What the exercise asks:
Exactly the lines from the beginning of the listing below through the line that contains "Ragga ravine near" should be transcribed, and pictures must stay out.
Segment Start: Material for the task
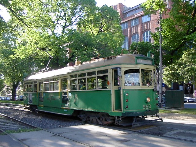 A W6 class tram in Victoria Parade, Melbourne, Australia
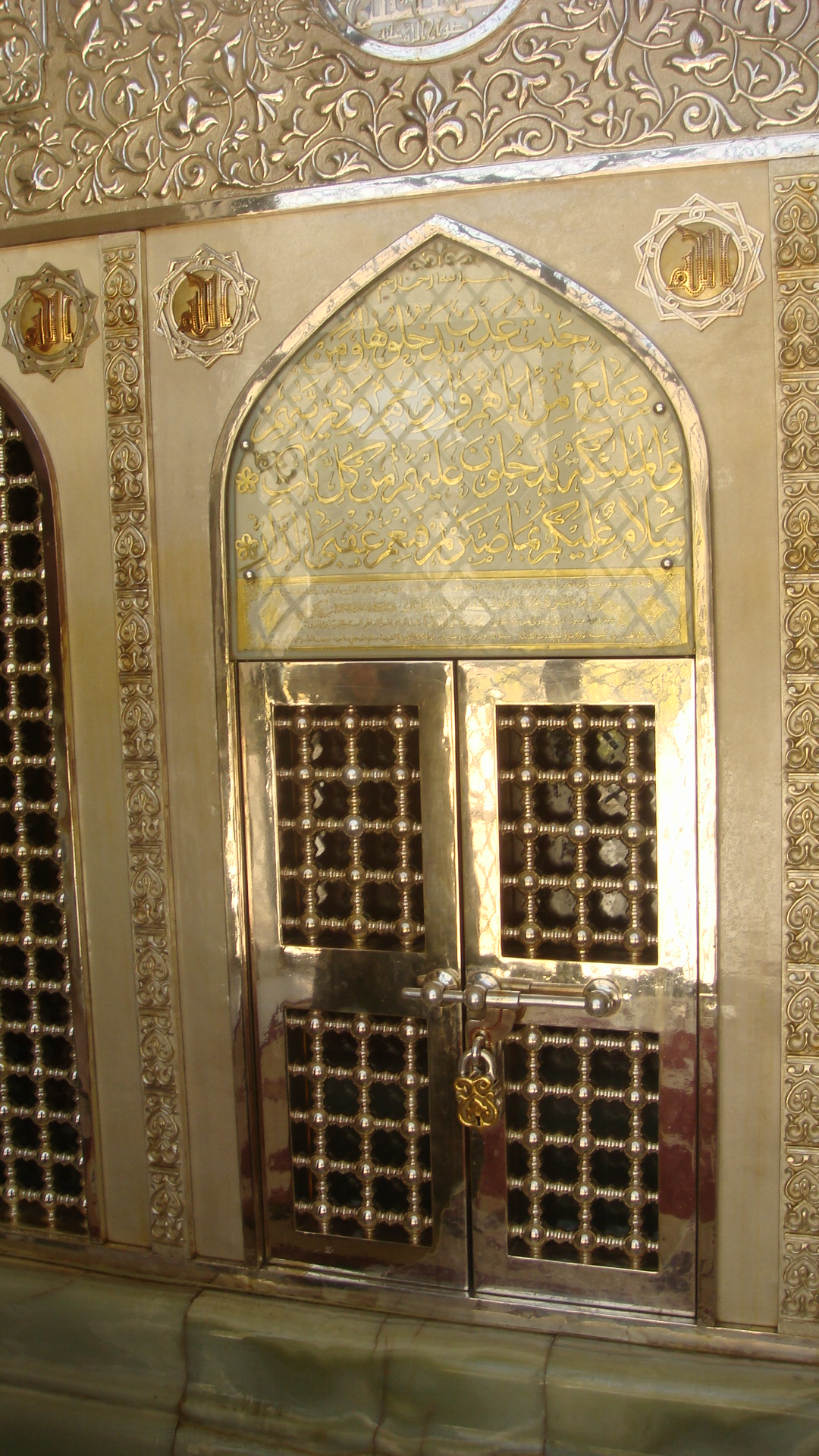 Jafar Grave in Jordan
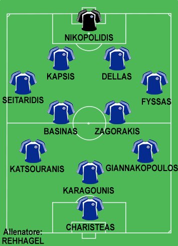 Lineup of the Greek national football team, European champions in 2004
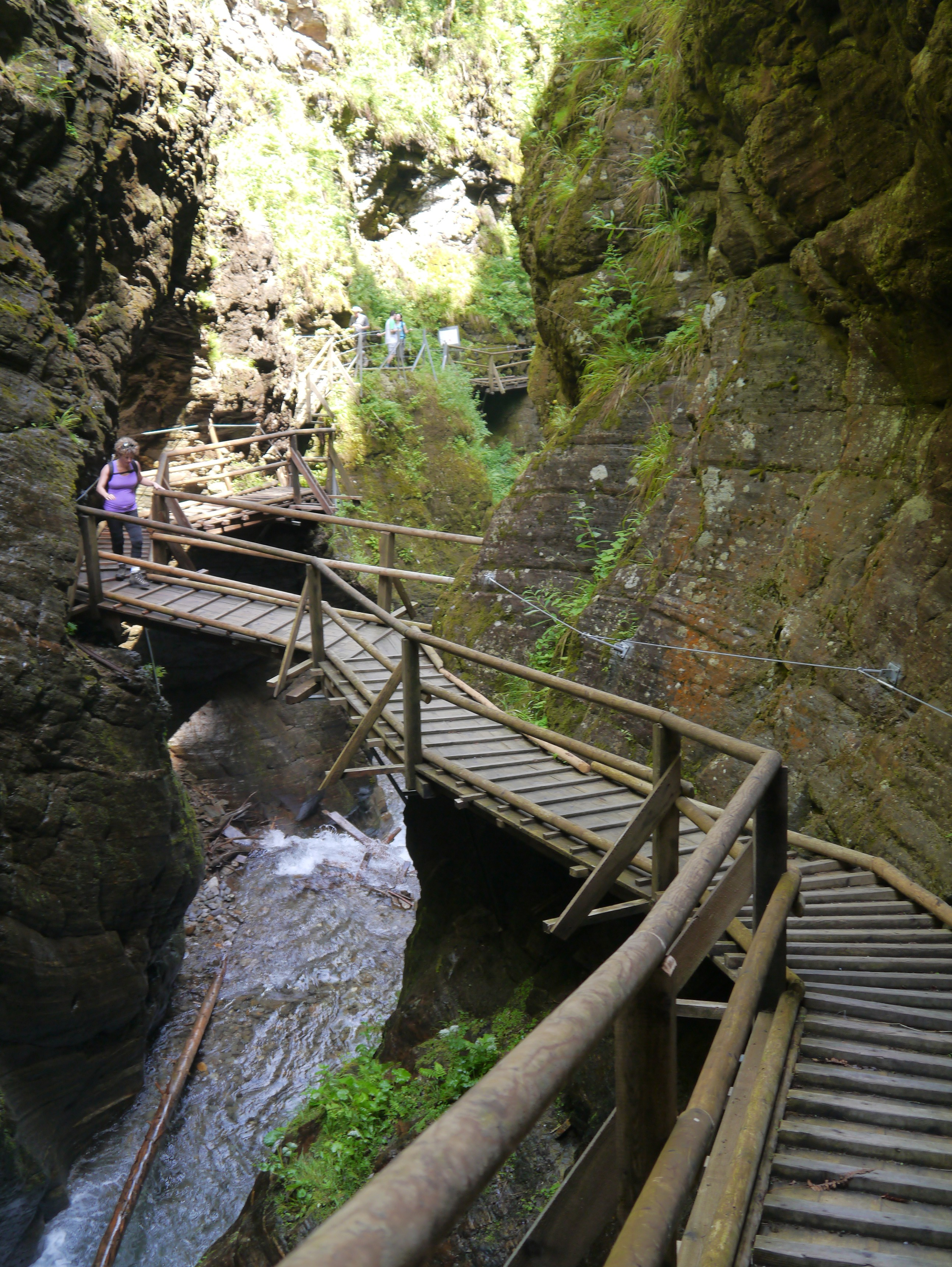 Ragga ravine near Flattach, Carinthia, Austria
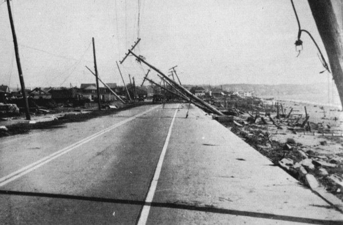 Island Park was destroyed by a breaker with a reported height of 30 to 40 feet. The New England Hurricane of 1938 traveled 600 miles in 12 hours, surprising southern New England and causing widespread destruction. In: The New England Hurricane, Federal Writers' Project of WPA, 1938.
Segment End: Material for the task
Your response:
 A W6 class tram in Victoria Parade, Melbourne, Australia
 Jafar Grave in Jordan
 Lineup of the Greek national football team, European champions in 2004
 Ragga ravine near Flattach, Carinthia, Austria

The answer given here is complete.